From what I understand, EATV (which Datomic does not have) would be great fit for as-of queries. On the other hand, I see no use-case for EAVT.
You are not looking for a single value at a specific point in time. You are looking for a set of values up to a specific point in time T. History is on a per value basis (not attribute basis).
For example, assert X, retract X then assert X again. These are 3 distinct facts over 3 distinct transactions. You need to compute that X was added, then removed and then possibly added again at some point.
You can do this with SQL:
create table Datoms (
E bigint not null,
A bigint not null,
V varbinary(1536) not null,
T bigint not null,
Op bit not null --assert/retract
)
select E, A, V
from Datoms
where E = 1 and T <= 42
group by E, A, V
having 0 < sum(case Op when 1 then +1 else -1 end)
The fifth component Op
of the datom tells you whether the value is asserted (1) or retracted (0). By summing over this value (as +1/-1) we arrive at either 1 or 0.

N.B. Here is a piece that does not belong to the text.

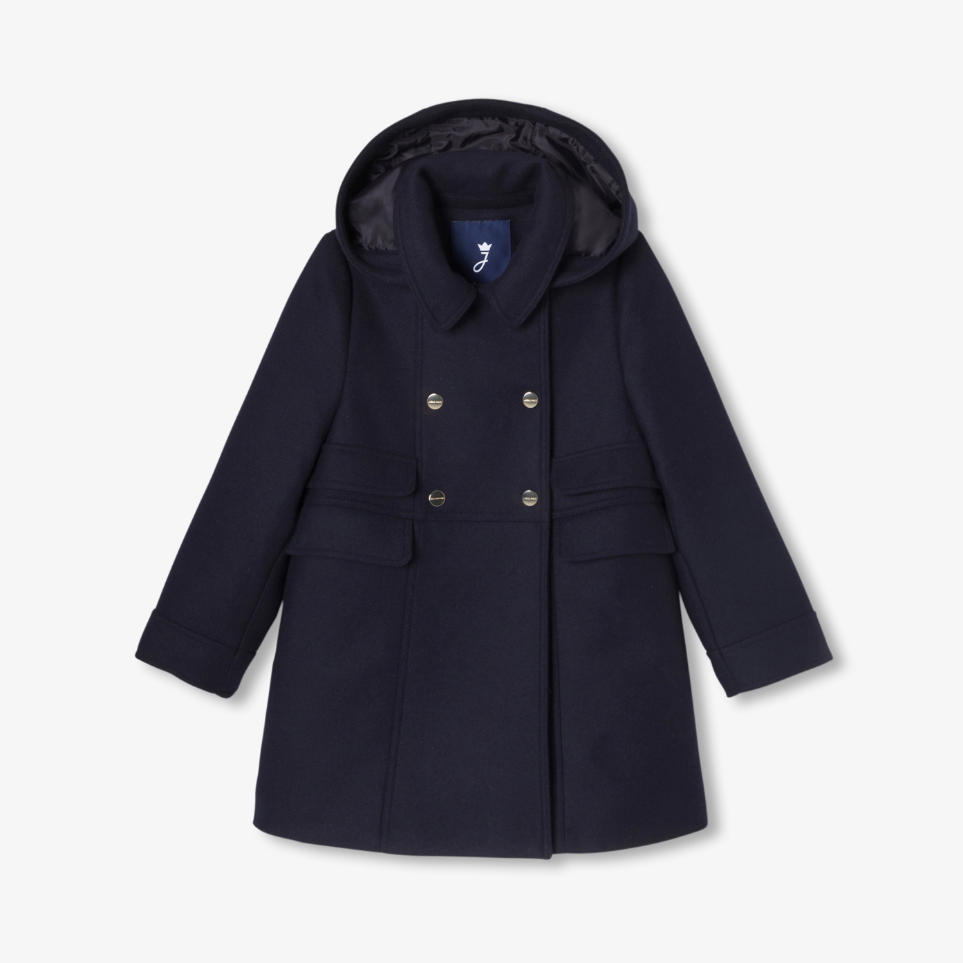 The back-to-school wardrobe is enriched by pieces as chic as they are practical, like this girl coat. A British-style coat in wool with trompe-l'œil pockets and real flap pockets, removable hood, lining and light wadding have been added for extra warmth. Worn over a denim dress or with wide-leg trousers and Mary Janes for a preppy, city look, it is perfect for everyday wear.- Girl wool coat- Lining and light wadding- Removable hood- Trunk pockets on bust- Real flap pockets below waist- Crossed opening with metallic snaps- Flared base

Asserting the same value twice does nothing, and you always retract the old value before you assert a new value. The last part is a prerequisite for the algorithm to work out this nicely.
With an EAVT index, this is a very efficient query and it's quite elegant. You can build a basic Datomic-like system in just 150 lines of SQL like this. It is the same pattern repeated for any permutation of EAVT index that you want.